Great tips and resources, thanks everyone 

I too have fun opening up the aperture and capturing shots with my camera. I wish I could get that level of light with a device to shoot video. 

My brain is scabbed over and ripe for the picking, glad to share my experiences (limited they may be). Apologies for the gross metaphor 

-jimmy


----------



## matrixmom (Aug 20, 2011)

Also filming right at sunset helps too. I bought the light dave recommends and its works great! Adds light and you can adjust the brightness. I have also used it for other events too.


----------



## corey872 (Jan 10, 2010)

Some good tips above. If your camera has a 'night scene' mode, sometimes that is helpful. Beyond that, using wide apertures (low f-stop), higher ISO settings (at the risk of graininess on the image) and wide angle lenses helps. If shooting stills, then a camera tripod can help you get more optimal settings above and make up for it with long exposures, or even HDR shots if that is the look you're after.

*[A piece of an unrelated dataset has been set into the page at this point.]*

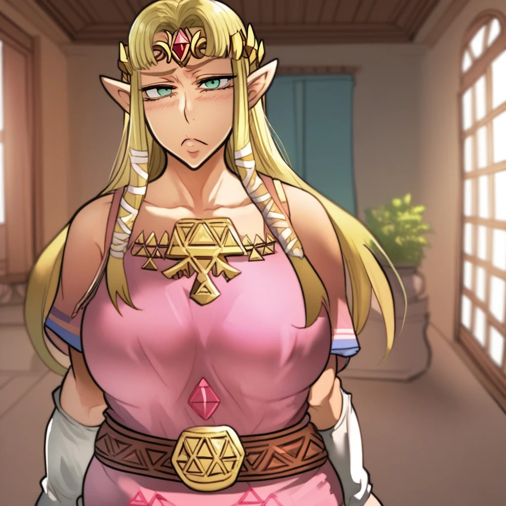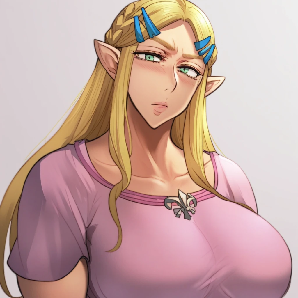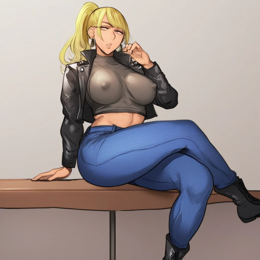 thigh highs, female pubic hair, mature female, pubic hair, solo, huge breasts, nipples, navel, blush, large areolae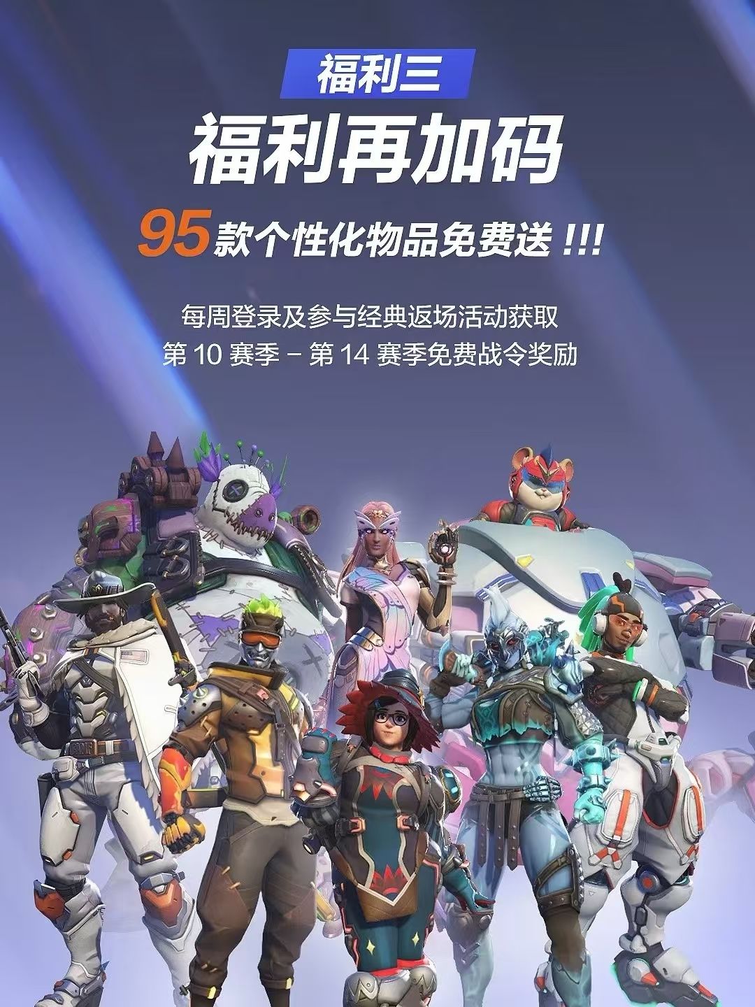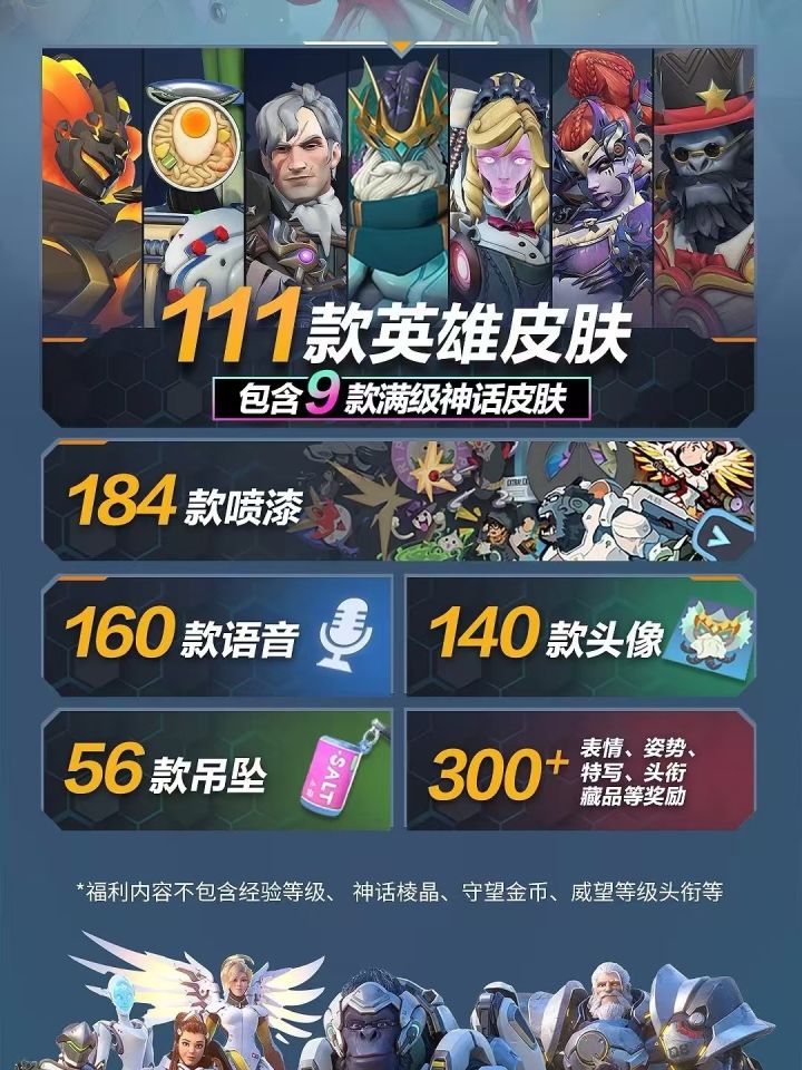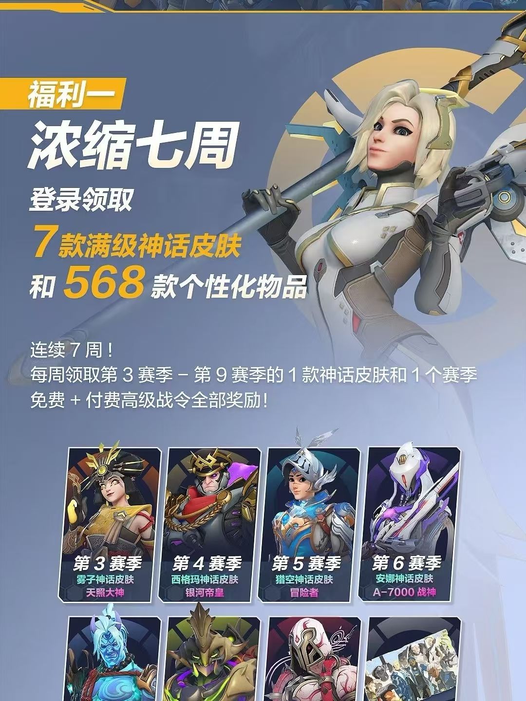 (从图三开始看)【一】2月19日《守望先锋》国服开服后,每周登录游戏均可领取第3赛季-第9赛季中的一个对应赛季神话皮肤和一个赛季的免费+付费高级战令全部奖励。奖励可连续领取7周,共计7款满级神话皮肤和568款个性化物品。活动持续9周,截至第15赛季结束,在前7周就会将奖励更新完毕。并且,玩家在活动期间的任意时间登录游戏都能领取之前更新的所有登录奖励,不用担心错过!

Not explicitly familiar with the ZX5 and if the image is completely 'black' then that is obviously an issue, but I've never tried to get a 100% crystal clear, lighted shot of my haunt. (links in signature) It's not a documentary, or place where I've wanted to capture every facet in crystal clear, extreme detail. I just let the dark shadows, uneven light, etc be part of the ambiance.


----------